There have been so many examples of people of colour (usually men) being killed in confrontations with police when it appeared that deadly force was unnecessary. So the idea of responding flippantly to a police officer's command really isn't funny at all -- you might get killed if you did that. You might get killed even if you responded obediently.

It's privilege that allows my first response to that meme to be laughter. I don't have to go about my days worrying that a seemingly innocuous encounter with police will end with my death. I can feel reassured by those who say "But most police officers are good people," because I've never known any different.

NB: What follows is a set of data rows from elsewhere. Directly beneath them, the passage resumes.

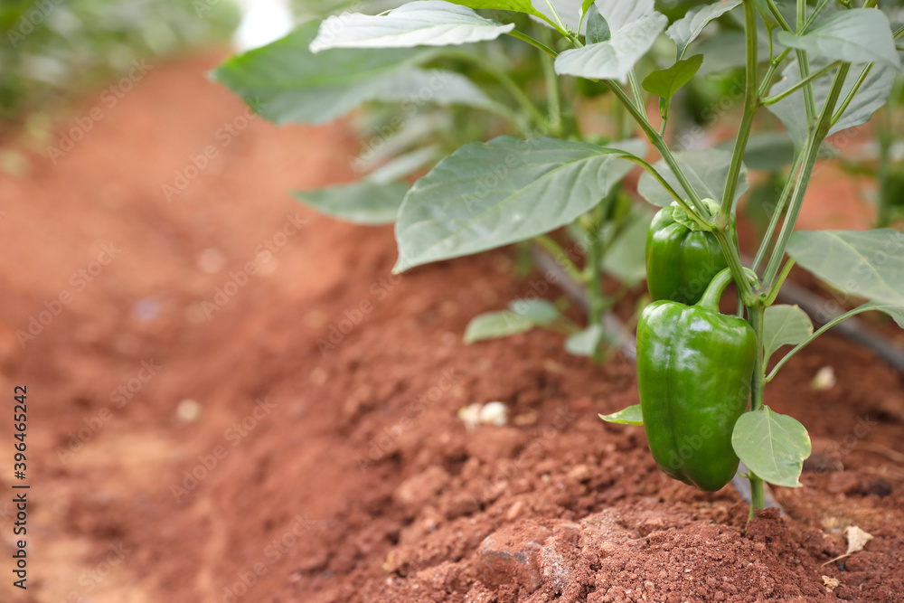 Fotografija fresh capsicum or Green bell pepper plant growing in organic vegetable garden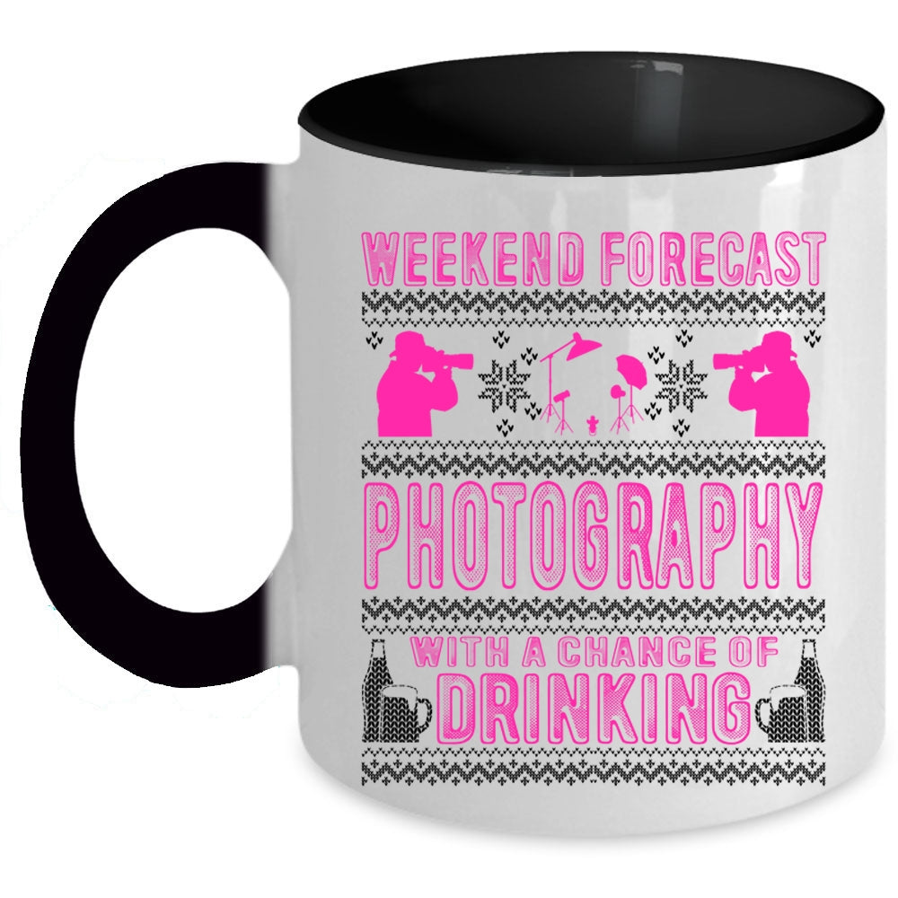 Cute Photographer Coffee Mug, Weekend Forecast Photography Accent Mug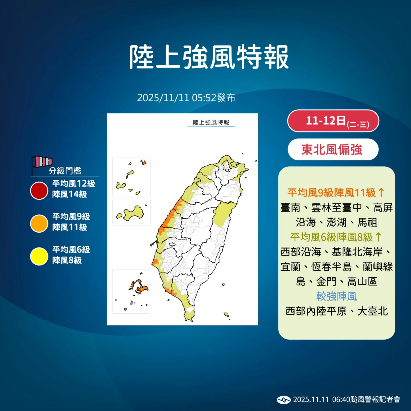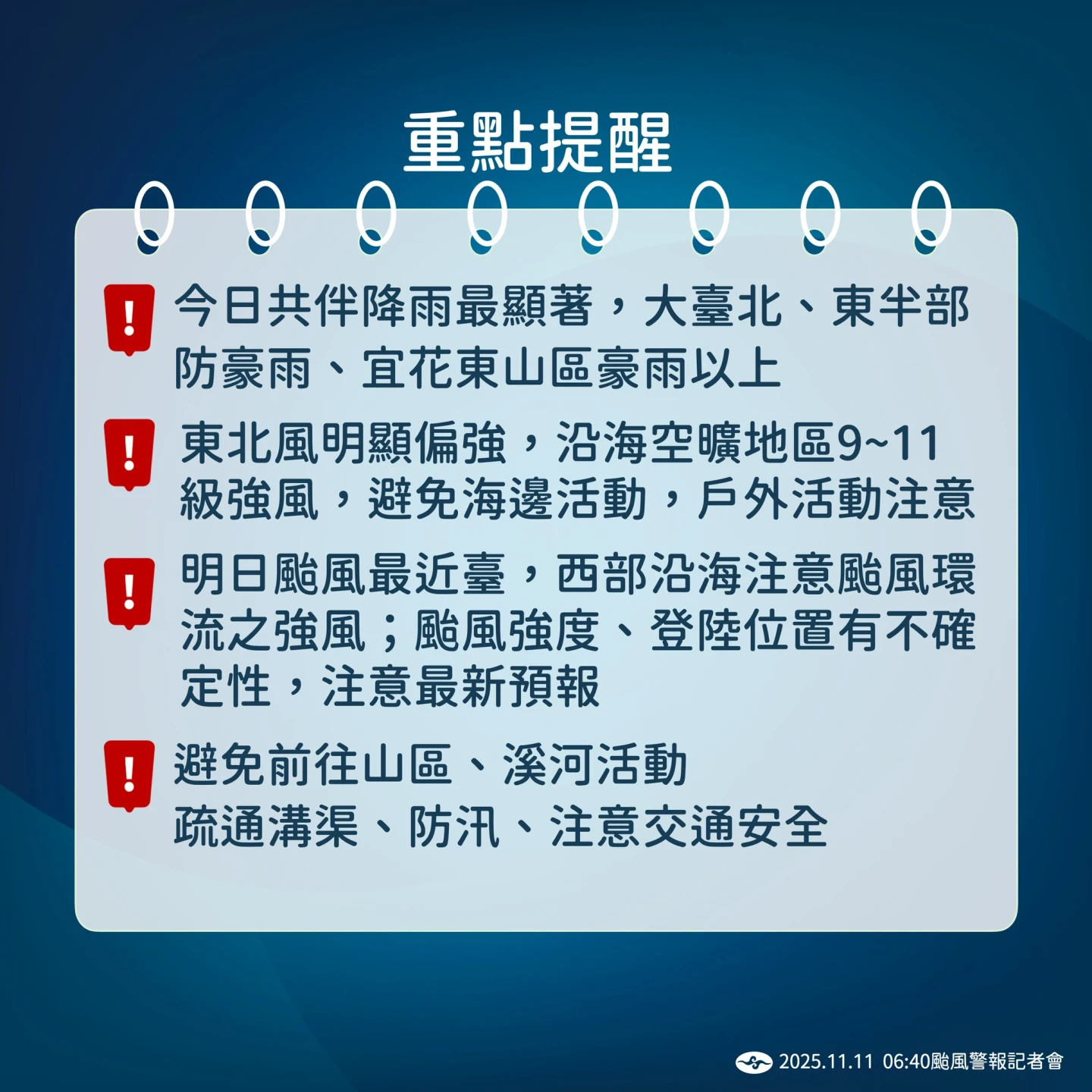 目前各地沿海受東北季風與颱風外圍環流影響,已出現9至12級強陣風,金門、澎湖及恆春半島風勢尤為明顯。沿岸浪高達3至5公尺,東沙島附近甚至出現超過6公尺巨浪,預估今夜至明日西南沿海浪勢將再增強,恐有暴潮發生,籲沿海地區與離島居民務必嚴加防範,避免前往海邊活動。

Acknowledging our privilege, whether in terms of race, or sex, or wealth, or many other often-intersecting areas, is kind of like putting on glasses for the first time. We start seeing things in a different way than before. It's not always comfortable. Even mentioning to other people that we're starting to notice things differently may elicit complaints about what a drag it is that now we're not even allowed to laugh at a little joke without (ahem) "turning around" to see how other people might interpret it. The words "politically correct" -- and boy, do I hate that expression! -- may be wielded.

Actually, now that I think of it, acknowledging our privilege is more like reversing the selfie mode on our cell-phone camera. Instead of focusing everything on ourselves and assuming the entire world is a mirror of our own experiences, we click that little icon so that the camera swivels and faces outward. We're no longer the focal point, but we can see so much more than we could before.

Are there areas in your life where you recognize your privilege? And if you've recognized it, what are you going to do about it? What am I going to do about it?


  1. Yes...reversing the selfie mode! I'm right there with you friend. I'm trying to listen more and not speak right away. Too many of the people I love would find this joke offensive because of the color of their skin. I also struggle because my dear friend is a highway patrolman. It's hard to find that balance. Blessed to be your neighbor this week.

    1. Thanks Tara! Yes, I can imagine it is really hard when you think about your friend. So often we know (beyond a doubt!) that there are good people of true integrity in these roles. Yet others' experiences tell such a different story. How to see and honour the good that actually does exist, yet understand those people who can't take for granted the things we do -- that is so challenging.

  2. Jeannie, it's amazing how the lack of understanding of privilege finds itself woven into the most subtle voices-like a meme. "Instead of focusing everything on ourselves and assuming the entire world is a mirror of our own experiences, we click that little icon so that the camera swivels and faces outward." Such a great illustration!

    1. Thanks so much, Stephanie. This was such a great prompt.

  3. I love that you were able to "turn around" and look at this from another point of view. It's so easy for those of us in a privileged position to scoff at someone who would get offended at this and wonder why they are getting so worked up. But when we truly put ourselves in someone elses shoes and try to see the world from their POV, everything changes.

    1. Thanks so much for that comment, Stephanie - I'm glad the post spoke to you. I thought this was one of our most challenging FMF prompts.